Donna Kwok (郭浩庄), economist for Greater China at HSBC Asia, said the strong first-quarter growth boded well for this whole year and retained her full-year economic growth forecast of 5 percent.
“Taiwan’s robust exports to China and western countries in the first quarter churned the manufacturing sector, throwing a critical lifeline to job seekers and domestic investors, further increasing the nation’s private household spending,” Kwok said in a note yesterday.
However, Tsai Hung-kun (蔡鴻坤), director of the DGBAS’ statistics division, said the massive earthquake in Japan and lower demand from the US would influence Taiwan’s economic growth in the following quarters.
“We had thought the nation’s economy could grow 5.28 percent this year on a strong first-quarter performance, but Japan’s quake made us revise down estimates for the following quarters, dragging down the full-year GDP growth forecast to 5.06 percent,” Tsai said.
When Japan’s economy slides down by 1 percentage point, Taiwan’s GDP growth will decline by 0.05 percentage points, Tsai said, adding that if the US economy falls by 1 percentage point, Taiwan’s GDP growth may fall by 0.14 percentage points.
Tsai said the nation’s economy could return to fast-paced growth in the second half of this year, as the negative influence from Japan gradually recedes.
As for inflation, the DGBAS lowered its forecast for the consumer price index (CPI) this year to 2.1 percent, down 0.08 percentage points from its preliminary forecast last month, amid the New Taiwan dollar’s recent appreciation against the US dollar.

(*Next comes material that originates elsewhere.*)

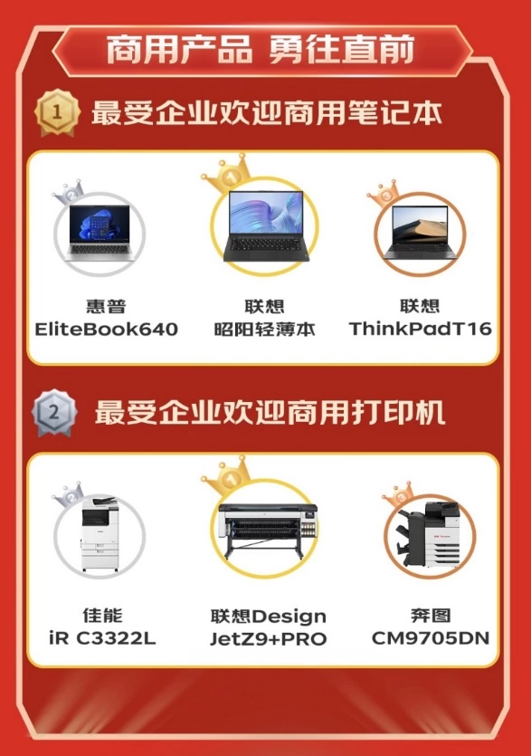 从战报中可以看到,今年京东618也涌现出了一大批深受客户喜爱的爆款产品。联想昭阳轻薄本成为最受企业欢迎的商用笔记本,惠普EliteBook 640笔记本及联想ThinkPad T16笔记本受欢迎度紧跟其后;最受企业欢迎的商用打印机TOP3分别为联想DesignJetZ9+PRO打印机、佳能iR C3322L打印机、奔图CM9705DN打印机。

Although the rising value of the NT dollar helps stabilize inflationary pressures, it could increase exporters’ costs and hurt the nation’s economic growth, Tsai said, adding that exports usually contribute about 70 percent to Taiwan’s GDP.
According to the DGBAS, every NT$1 rise against the greenback could cut Taiwan’s GDP growth by 0.18 percentage points, with inflation down by 0.19 percentage points.
With the government’s slightly more sanguine GDP outlook and less inflation concerns, Cheng Cheng-mount (鄭貞茂), chief economist of Citigroup in Taipei, said in a statement yesterday that the central bank would continue to tighten monetary policy at the current measured pace of 12.5 basis points each quarter for this year.